From the beginning his police apparatus in Poland pursued a policy of brutal suppression. Blissfully ignorant of the country—it was, for example forbidden to learn Polish—a negative selection of police officials set about crushing any Polish insubordination through a policy of exceptionally tough punishments, mass arrests, and summary executions. In the spring of 1940 this strategy reached its initial unhappy high point when the security police killed around 3,500 members of the Polish intelligentsia and political functionaries, as well as around 3,000 people who were described as criminals.
6
Against this background any attempt to penetrate the Polish underground, let alone try to play off the various factions of the Polish underground movement against each other, was hardly possible.
7
Within a very short time the Germans had succeeded in alienating the very people who, in view of their anti-Russian and anti-Soviet attitudes, might have been won over in the summer of 1941.

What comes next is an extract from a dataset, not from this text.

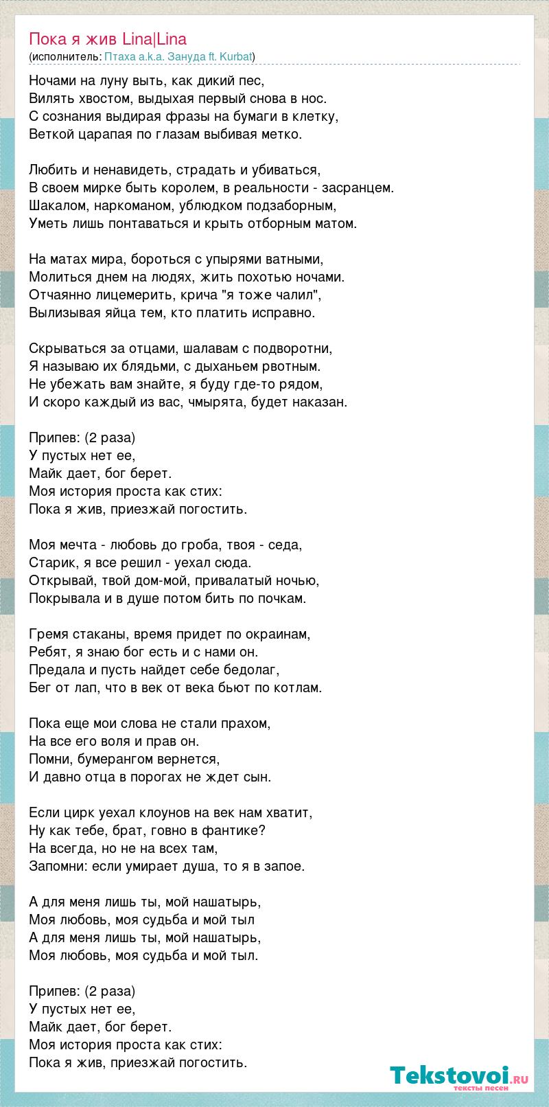 Ночами на луну выть, как дикий пес, Вилять хвостом, выдыхая первый снова в нос. С сознания выдирая фразы на бумаги в клетку, Веткой царапая по глазам выбивая метко. Любить и ненавидеть, страдать и убиваться, В своем мирке быть королем, в реальности - засранцем. Шакалом, наркоманом, ублюдком подзаборным, Уметь лишь понтаваться и крыть отборным матом. На матах мира, бороться с упырями ватными, Молиться днем на людях, жить похотью ночами. Отчаянно лицемерить, крича "я тоже чалил", Вылизывая яйца тем, кто платить исправно. Скрываться за отцами, шалавам с подворотни, Я называю их блядьми, с дыханьем рвотным. Не убежать вам знайте, я буду где-то рядом, И скоро каждый из вас, чмырята, будет наказан. Припев: (2 раза) У пустых нет ее, Майк дает, бог берет. Моя история проста как стих: Пока я жив, приезжай погостить. Моя мечта - любовь до гроба, твоя - седа, Старик, я все решил - уехал сюда. Открывай, твой дом-мой, привалатый ночью, Покрывала и в душе потом бить по почкам. Гремя стаканы, время придет по окраинам, Ребят, я знаю бог есть и с нами он. Предала и пусть найдет себе бедолаг, Бег от лап, что в век от века бьют по котлам. Пока еще мои слова не стали прахом, На все его воля и прав он. Помни, бумерангом вернется, И давно отца в порогах не ждет сын. Если цирк уехал клоунов на век нам хватит, Ну как тебе, брат, говно в фантике? На всегда, но не на всех там, Запомни: если умирает душа, то я в запое. А для меня лишь ты, мой нашатырь, Моя любовь, моя судьба и мой тыл А для меня лишь ты, мой нашатырь, Моя любовь, моя судьба и мой тыл. Припев: (2 раза) У пустых нет ее, Майк дает, бог берет. Моя история проста как стих: Пока я жив, приезжай погостить.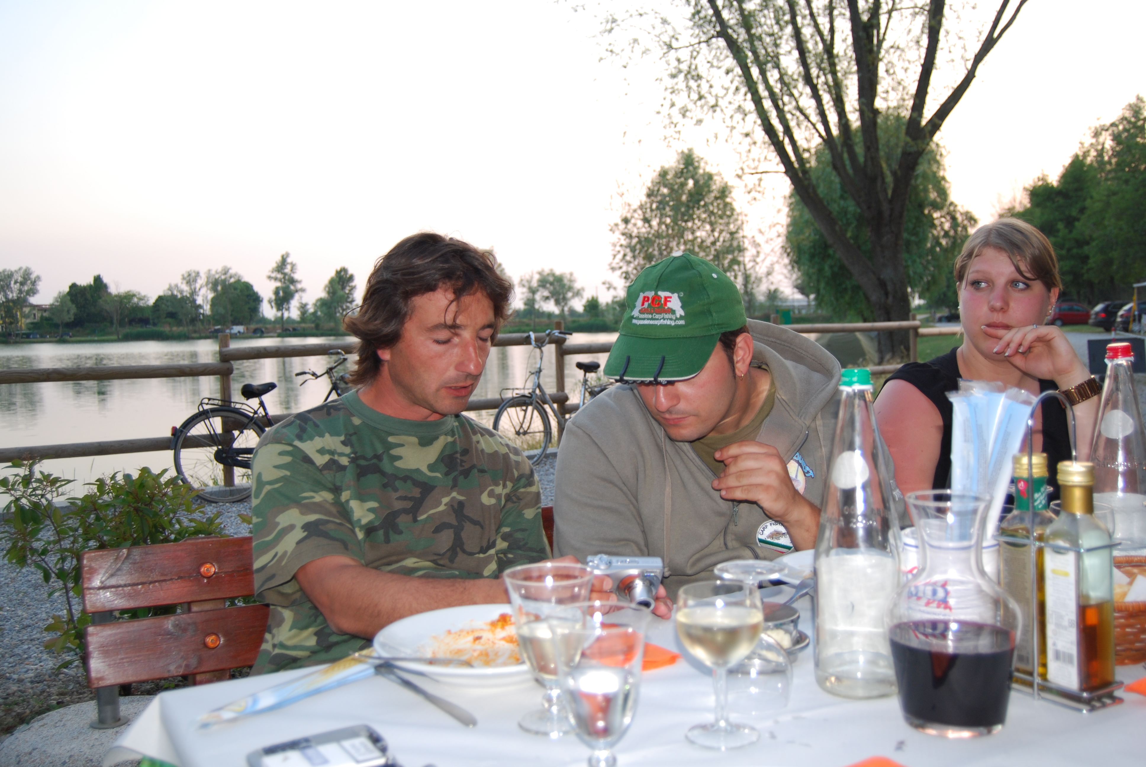 Mi fatto piacere vedere quatto48 (mio abituale compagno di pesca) che è passato a trovarci sabato mattina; ed alla sera ho smontato senza rimpiangere nulla, le carpe c'erano state ed ora si andava a cena.... ottimo Max ed Angela, non potevamo chiedere di meglio!

In February 1940, with the aid of a ‘Decree for the Combating of Acts of Violence in the Annexed Eastern Territories’, Himmler undertook a first attempt at introducing a massive increase in penalties for the Polish and Jewish populations and in certain cases the ‘immediate passing and carrying out’ of sentences through police courts martial. In other words, the arbitrary violence of the previous months was to be retrospectively legitimated. Although this initiative was opposed by Lammers and Göring, the Reich Ministry of Justice adopted the increases in penalties proposed by Himmler in one of its decrees. In response Himmler agreed to put an end to the police courts.
8

However, his restraint did not last long. Since Himmler did not wish to dispense with a judicial responsibility for the police in the annexed eastern territories, in December 1941, with significant support from Bormann, he compelled the Reich Justice Ministry to issue a penal code for Poles in the annexed territories. This was a special penal code for Poles and Jews, which, although implemented by the judiciary, was so draconian that it applied the death penalty even for minor cases of insubordination. The Reich Minister of Justice could not prevent Himmler from using the negotiations preceding this decree to reintroduce SS and police courts martial, albeit restricted to certain situations.
9

The start of Jewish persecution in Poland
 

Given this background, it is hardly surprising that, right from the start, and based on Himmler’s wide-ranging powers, the new gentlemen of the black order aimed to target the approximately 1.7 million Jews who had come under German rule as a result of the war. Himmler and the SS leadership had already developed far-reaching plans for what to do with them.
10

Heydrich reported to the meeting of departmental heads of the security police on 14 September that Himmler was currently putting to Hitler proposals for dealing with the ‘Jewish problem in Poland’, which, because of their major diplomatic implications, could be decided only by the Führer himself.
11
A week later, on 21 September, Heydrich informed the departmental heads that Hitler had approved Himmler’s plans for ‘deporting the Jews into the foreign Gau’, for ‘driving them over the line of demarcation’.
*
It is clear from a telex to the commanders of the Einsatzgruppen
from the same day exactly what was envisaged in practice.
12
The Polish Jews were initially to be ‘concentrated’ in large cities and then deported to an area near the eastern border of occupied Poland, where a ‘Jewish state under German administration’ was envisaged, as Heydrich explained to Brauchitsch the following day.
13
In addition, Heydrich mentioned in his telex a—top-secret—‘final goal’ of the anti-Jewish measures. This presumably referred to the comprehensive programme that Heydrich had explained to his departmental heads on 21 September in bullet-point form: the deportation of the Jews from the ‘Greater German Reich’ into the ‘Jewish reservation’ and their possible ‘expulsion’ into the part of eastern Poland occupied by the Soviet Union.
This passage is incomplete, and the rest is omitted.